# Aim of the exercise
Copy the listing that follows exactly. Its pictures do not belong in the copy.

# Collected material

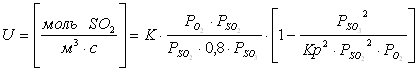 В Р.И.В. Проводят окисление SO2. Объем реакционной зоны 150 м2. Объемный расход смеси 50000 м3/г. Состав исходной смеси SO2 – 0,1; O2 – 0,11; SO3 – 0,01; остальное – азот. Давление в реакторе Р=1,5 атм.
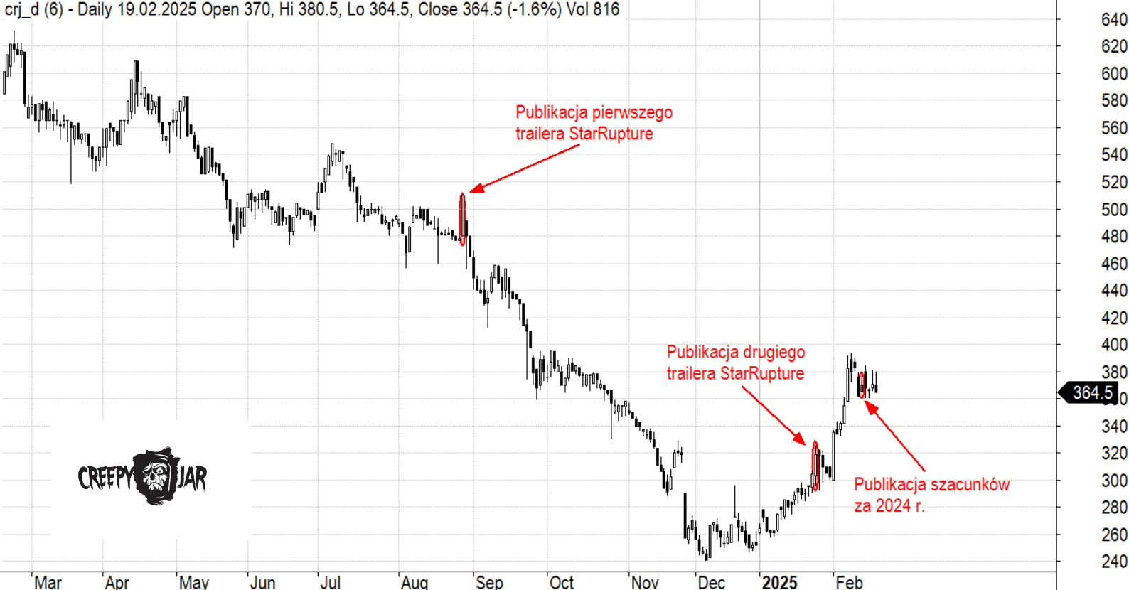 Od początku roku cena akcji Creepy Jar podskoczyła o ponad 44%. Inwestorzy coraz większe nadzieje pokładają w nowym tytule marki, który zyskuje popularność wśród graczy platformy Steam.
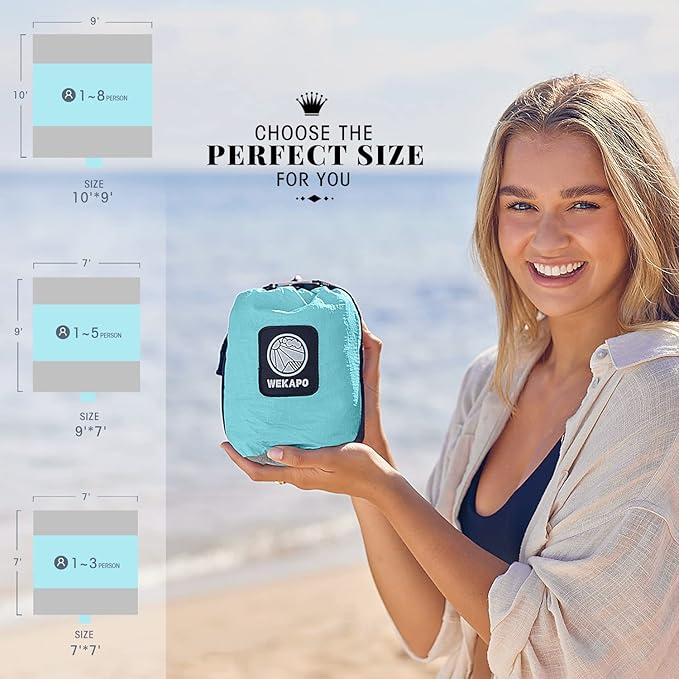 WEKAPO Beach Blanket Sandproof Waterproof, Extra Large Beach Mat, Oversized & Compact Sand Free Mat Quick Drying, Lightweight & Durable with 6 Stakes & 4 Corner Pockets

# Task solution
 В Р.И.В. Проводят окисление SO2. Объем реакционной зоны 150 м2. Объемный расход смеси 50000 м3/г. Состав исходной смеси SO2 – 0,1; O2 – 0,11; SO3 – 0,01; остальное – азот. Давление в реакторе Р=1,5 атм.
 Od początku roku cena akcji Creepy Jar podskoczyła o ponad 44%. Inwestorzy coraz większe nadzieje pokładają w nowym tytule marki, który zyskuje popularność wśród graczy platformy Steam.
 WEKAPO Beach Blanket Sandproof Waterproof, Extra Large Beach Mat, Oversized & Compact Sand Free Mat Quick Drying, Lightweight & Durable with 6 Stakes & 4 Corner Pockets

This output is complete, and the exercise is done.